National Australia Bank Ltd (ASX: NAB) has a grossed-up dividend yield of 9.5%, does that mean that the NAB share price is a buy?
Despite the dividend cut in FY19 from $1.98 per share to $1.66 per share. But, the share price has fallen around 15% since mid-November.
NAB's FY19 result wasn't great because of royal commission remediation. Cash earnings were down 10.6%. Excluding large notable items amount to almost $1.5 billion, cash earnings rose by 0.8% which was decent compared to some of its peers.
The big ASX bank is now under pressure from ASIC for the fees for no service scandal which we heard about in the royal commission. NAB is already refunding customers, but ASIC could deal out a big fine to NAB next year for its actions.
The largest theoretical fine from ASIC could amount up to $10 billion because of the maximum possible fine per breach of the law and how many times NAB broke the law.
NAB is facing other medium-to-long-term issues as well like higher capital requirements from APRA and the RBNZ which will put more pressure on the dividends because banks are going to have to hold more for safety and perhaps even more to re-invest for growth.

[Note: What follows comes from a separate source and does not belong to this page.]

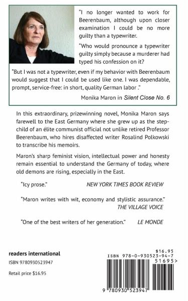 In this extraordinary, prizewinning novel, Monika Maron says farewell to the East Germany where she grew up as the stepchild of an élite communist official not unlike retired Professor Beerenbaum, who hires disaffected writer Rosalind Polkowski to transcribe his memoirs. Shortly after the Berlin Wall, which Maron loathed, fell and her country disappeared, she returned home to write this subtle yet scathing look at herself living among the thinkers, drinkers, and elderly believers who kept the communist state going to the very end. Part argument with her father and cry of pain across the grave, part exploration of her own role and guilt as a follower in the GDR’s sad funeral procession, Silent Close No. 6 has lost none of its depth of feeling, its power or its honesty. With her sharp feminist vision, Monika Maron spares neither foolish lovers, nor dilettantes, nor the upholders of state power - and certainly not herself. Here is essential reading to understand the Germany of yesterday, and also that of today. "Icy prose." NEW YORK TIMES BOOK REVIEW "Maron writes with wit, economy and stylistic assurance." THE VILLAGE VOICE "One of the best writers of her generation." LE MONDE

NAB has a very attractive trailing dividend yield. But, I don't think investors should think of dividends from the banks like Westpac Banking Corp (ASX: WBC) and NAB as term deposit. I believe we need to think more about the safety and direction of NAB's earnings which will ultimately decide if the current dividends are sustainable or not.
Foolish takeaway
NAB is trading at 11x FY21's estimated earnings. It looks cheap and could be on a path towards growth with its new leadership. I don't think the banks have an attractive future and I don't want NAB in my portfolio. Even if I did I wouldn't want to buy it until the ASIC fine has been decided and announced so we know the damage.